“The Amazing Spider-Man”
Rated: PG-13
Playing in area theaters
The “gritty reboot” is a funny thing. It’s a failsafe for big Hollywood film franchises, a way to remedy behind-the-scenes setbacks by hitting the reset button and hoping the audiences don’t notice or care. All it takes is a fresh cast, some moral ambiguity, plenty of night scenes, a 150% increase in brooding and poof! There’s a brand new series, with all of the attendant marketing and merchandising opportunities.
If this practice sounds cynical, that’s because it is. But it’s brought us “The Amazing Spider-Man,” a reboot of the series Sam Raimi started a decade ago, ushering in a renaissance of comic book movies. After 2007’s “Spider-Man 3” flopped, Raimi’s films went into limbo. With Sony in danger of lapsing on their rights to the wall-crawler, the studio scrapped everything and prepped a brand new film helmed by “(500) Days of Summer” director Mark Webb and starring “The Social Network” breakout Andrew Garfield.
It would be easy to write off “Amazing” as a retread or a cash-in, but to do so would be to ignore a very fun film that tells a well-known story but adds enough new wrinkles to make things interesting, and gets the new series off on the right foot.
Garfield plays a Peter Parker that is both true to the character’s 50-year history and completely different from his predecessor Tobey Maguire. Garfield’s Parker is less of a nerd and more of an outcast. He is angry and confused by his parents’ mysterious disappearance, which landed him in the care of his Aunt May (Sally Field) and Uncle Ben (Martin Sheen).
After a spider bite gives him special abilities, Parker finds some of his father’s old research and seeks out his partner, Dr. Curtis Connors (Rhys Ifans). When Connors mutates himself into the hulking reptile villain Lizard, Parker must assume his role as Spider-Man and save the city.
Garfield’s chemistry with Emma Stone, who plays love interest Gwen Stacy, is remarkable. Stacy, barely seen in the original series, is a key part of Spider-Man’s story, and her inclusion here is welcome. Stone’s charming performance keeps Spidey’s origin, which takes up more than an hour, fresh. It’s no surprise that Webb knows how to direct adorable budding romance, and the scenes with Stacy and Parker in high school don’t disappoint.
It is a surprise, however, that Webb, a music video director with just one feature under his belt, knows his way around a good action sequence. The big set pieces in “Amazing” are easy to follow and feature a fair amount of practical special effects. This is a far cry from the manic editing that clouds fight sequences in “Transformers” or “The Dark Knight” and the overuse of CGI that prematurely aged Raimi’s films.

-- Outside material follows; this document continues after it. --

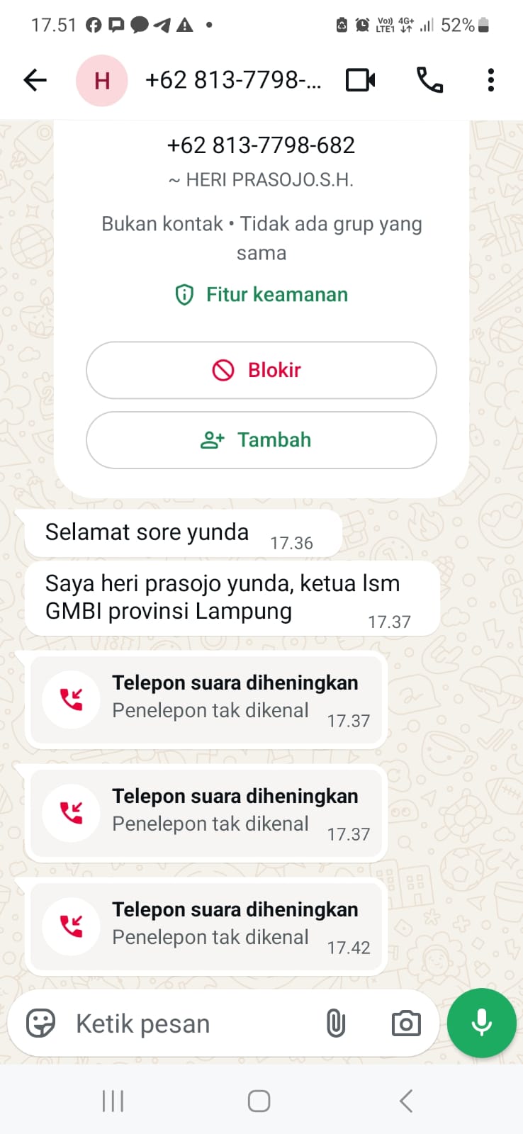 Pesan tersebut diduga berisi komunikasi yang mengarah pada kepentingan tertentu dengan membawa-bawa nama organisasi. Namun, setelah pihak media melakukan klarifikasi langsung kepada Ketua LSM GMBI Wilter Lampung melalui Pesan Singkat WA, dipastikan bahwa nomor tersebut bukan Ketua LSM GMBI Wilter Lampung.

The original series also dispatched Spider-Man’s archenemy in the first entry, and tried to pack in all of the comic book’s key elements in a scant two hours. Instead, “Amazing” takes a cue from Christopher Nolan’s “Batman” films by first using a b-list villain with ties to the hero’s origin for the first entry, promising to touch on juicier members of Spidey’s rogues gallery later in the series.
The Osborn family and the Daily Bugle are referenced, but barely seen. They—along with a few dangling plotlines—are waiting in the wings for the already-in-development sequel.
Again, this kind of franchise building seems calculating, but it actually streamlines the film by taking advantage of the groundwork laid out by previous installments. When a sequel is inevitable, why not build a world that can be believably sustained across several films, instead of stuffing the first with exposition?
“Amazing” was shot in 3-D, instead of being converted in post-production, and the format adds a lot of pop and grand scale to the film’s many swinging sequences and shots from Spider-Man’s point of view. The 3-D is rarely gratuitous, save for the final moments of the drawn-out denouement.
Even with dazzling set pieces and interesting changes to the story, “Amazing” can’t quite shake the warmed-over feeling that comes with redoing Spider-Man’s origin. Connors is also underdeveloped, and some of Parker’s scenes with Aunt May are confusing. This seems to indicate that even with a running time over two hours, “Amazing” had to be edited down aggressively.
Ultimately, these aren’t deal-breakers. Redundancy aside, “Amazing Spider-Man” is a fun and sweet film that manages to capture the spirit of the comics without copying Raimi. Maybe the gritty reboot isn’t so bad.